Mortgage apps slip again following rebound

Refinance applications saw an increase in their share of overall activity

Mortgage apps slip again following rebound

Applications for mortgages declined during the week ending July 13, as applications for refinances recorded a larger share of overall activity, according to the Weekly Mortgage Applications Survey released by the Mortgage Bankers Association.

The Market Composite Index, a measure of mortgage loan application volume, fell 2.5% on a seasonally adjusted basis and increased 22% on an unadjusted basis compared with the previous period. Previous results included an adjustment for the Fourth of July holiday.

The Refinance Index rose 2%. The Purchase Index decreased 5% on a seasonally adjusted basis and increased 19% on an unadjusted basis. The unadjusted Purchase Index was 1% higher compared to the same period in 2017.

Applications for refinances took a bigger share of overall activity during the period at 36.5% from 34.8% in the prior survey. The adjustable-rate mortgage (ARM) share decreased to 6.1% of total applications.

FHA applications accounted for 10.6%, up from 10%. The VA share decreased to 10.2% from 11.3%. Applications for USDA loans made up 0.7% of activity, down from 0.8%.

Changes in average contract interest rates for the various mortgage types were mixed during the period.

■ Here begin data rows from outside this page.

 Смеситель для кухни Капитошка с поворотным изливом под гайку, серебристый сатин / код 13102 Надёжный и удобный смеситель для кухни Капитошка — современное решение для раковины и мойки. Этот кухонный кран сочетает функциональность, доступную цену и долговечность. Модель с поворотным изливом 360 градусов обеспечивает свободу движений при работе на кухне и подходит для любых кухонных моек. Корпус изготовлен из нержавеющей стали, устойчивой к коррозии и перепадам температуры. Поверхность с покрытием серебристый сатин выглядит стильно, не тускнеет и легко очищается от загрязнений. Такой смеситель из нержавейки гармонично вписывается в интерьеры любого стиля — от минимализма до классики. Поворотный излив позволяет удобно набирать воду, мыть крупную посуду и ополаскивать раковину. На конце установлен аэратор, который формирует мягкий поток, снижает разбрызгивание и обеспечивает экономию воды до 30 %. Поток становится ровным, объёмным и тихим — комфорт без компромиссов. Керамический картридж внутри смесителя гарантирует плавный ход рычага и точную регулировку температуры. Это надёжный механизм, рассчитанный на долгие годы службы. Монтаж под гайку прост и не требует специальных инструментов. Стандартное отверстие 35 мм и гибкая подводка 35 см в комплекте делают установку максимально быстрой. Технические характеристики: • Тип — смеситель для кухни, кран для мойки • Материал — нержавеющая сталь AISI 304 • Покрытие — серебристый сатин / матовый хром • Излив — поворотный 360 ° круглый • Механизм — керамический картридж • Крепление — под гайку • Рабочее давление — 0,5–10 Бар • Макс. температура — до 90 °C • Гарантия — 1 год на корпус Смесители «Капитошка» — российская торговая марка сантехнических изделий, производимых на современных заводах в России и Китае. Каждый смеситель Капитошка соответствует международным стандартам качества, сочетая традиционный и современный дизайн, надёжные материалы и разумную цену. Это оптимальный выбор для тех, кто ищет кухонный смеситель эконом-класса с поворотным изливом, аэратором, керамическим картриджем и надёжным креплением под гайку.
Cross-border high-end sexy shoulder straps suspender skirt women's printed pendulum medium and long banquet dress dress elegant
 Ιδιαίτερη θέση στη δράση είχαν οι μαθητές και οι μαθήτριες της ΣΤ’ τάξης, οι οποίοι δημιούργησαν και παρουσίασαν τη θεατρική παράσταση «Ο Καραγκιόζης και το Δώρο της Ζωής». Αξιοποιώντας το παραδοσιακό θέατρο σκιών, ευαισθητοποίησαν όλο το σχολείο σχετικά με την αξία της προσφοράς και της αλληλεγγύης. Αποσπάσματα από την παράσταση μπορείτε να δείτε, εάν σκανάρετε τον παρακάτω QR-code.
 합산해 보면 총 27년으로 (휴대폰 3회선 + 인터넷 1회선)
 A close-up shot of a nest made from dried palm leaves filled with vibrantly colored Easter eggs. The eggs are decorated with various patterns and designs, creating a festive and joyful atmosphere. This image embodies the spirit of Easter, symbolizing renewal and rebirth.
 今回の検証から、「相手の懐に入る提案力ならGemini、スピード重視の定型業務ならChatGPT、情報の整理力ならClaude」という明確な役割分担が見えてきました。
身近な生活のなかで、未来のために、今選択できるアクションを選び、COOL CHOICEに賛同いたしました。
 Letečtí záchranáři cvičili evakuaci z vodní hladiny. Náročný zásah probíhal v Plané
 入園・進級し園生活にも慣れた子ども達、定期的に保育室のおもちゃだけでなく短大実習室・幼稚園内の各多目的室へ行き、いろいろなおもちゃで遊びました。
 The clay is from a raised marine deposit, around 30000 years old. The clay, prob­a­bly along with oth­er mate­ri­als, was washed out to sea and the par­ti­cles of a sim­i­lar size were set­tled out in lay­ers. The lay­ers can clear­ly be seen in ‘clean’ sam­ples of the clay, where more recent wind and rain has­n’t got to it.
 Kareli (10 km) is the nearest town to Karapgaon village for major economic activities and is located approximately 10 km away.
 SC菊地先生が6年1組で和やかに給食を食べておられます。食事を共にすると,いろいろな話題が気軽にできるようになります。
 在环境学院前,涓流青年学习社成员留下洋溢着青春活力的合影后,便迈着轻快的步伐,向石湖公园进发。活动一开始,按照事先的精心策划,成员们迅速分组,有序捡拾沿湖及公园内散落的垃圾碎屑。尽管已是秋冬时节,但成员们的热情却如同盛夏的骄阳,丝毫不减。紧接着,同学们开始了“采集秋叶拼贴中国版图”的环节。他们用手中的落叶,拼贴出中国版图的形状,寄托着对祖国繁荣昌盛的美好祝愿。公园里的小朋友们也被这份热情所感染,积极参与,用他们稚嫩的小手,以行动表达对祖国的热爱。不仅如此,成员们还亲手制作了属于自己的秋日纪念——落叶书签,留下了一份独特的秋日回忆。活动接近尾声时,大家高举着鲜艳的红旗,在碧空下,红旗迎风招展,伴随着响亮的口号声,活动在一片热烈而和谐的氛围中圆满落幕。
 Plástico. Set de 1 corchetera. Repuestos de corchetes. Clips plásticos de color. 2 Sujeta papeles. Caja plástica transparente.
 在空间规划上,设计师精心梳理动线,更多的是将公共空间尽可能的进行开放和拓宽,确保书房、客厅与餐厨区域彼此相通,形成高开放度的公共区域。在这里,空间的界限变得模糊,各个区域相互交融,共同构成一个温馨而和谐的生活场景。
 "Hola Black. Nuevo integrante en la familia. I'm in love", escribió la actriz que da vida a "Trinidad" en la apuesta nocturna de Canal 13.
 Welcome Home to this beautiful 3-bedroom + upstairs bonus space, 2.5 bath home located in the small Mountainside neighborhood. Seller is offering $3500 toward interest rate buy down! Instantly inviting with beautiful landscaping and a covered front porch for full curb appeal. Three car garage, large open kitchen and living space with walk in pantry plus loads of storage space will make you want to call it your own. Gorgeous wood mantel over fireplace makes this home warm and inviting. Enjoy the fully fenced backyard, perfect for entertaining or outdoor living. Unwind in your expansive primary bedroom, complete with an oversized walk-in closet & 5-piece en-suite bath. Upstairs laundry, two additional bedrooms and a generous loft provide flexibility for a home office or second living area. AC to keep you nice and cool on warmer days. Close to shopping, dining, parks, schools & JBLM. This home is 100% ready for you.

The 30-year fixed-rate mortgage with conforming loan balances posted a 4.77% average rate, up from 4.76%, with points increasing to 0.46 from 0.43 for 80% loan-to-value ratio loans. Rates for the 30-year fixed-rate mortgage with jumbo loan balances decreased to 4.66% from 4.68%, with points increasing to 0.30 from 0.24.

Rates for the 30-year fixed-rate mortgages backed by the FHA averaged 4.78%, down from 4.8%, with points decreasing to 0.69 from 0.75. The average for 15-year fixed-rate mortgages increased to 4.22% from 4.18%, with points decreasing to 0.42 from 0.46. 5/1 ARMs posted a 4.12% average, down from 4.13%, with points increasing to 0.39 from 0.36.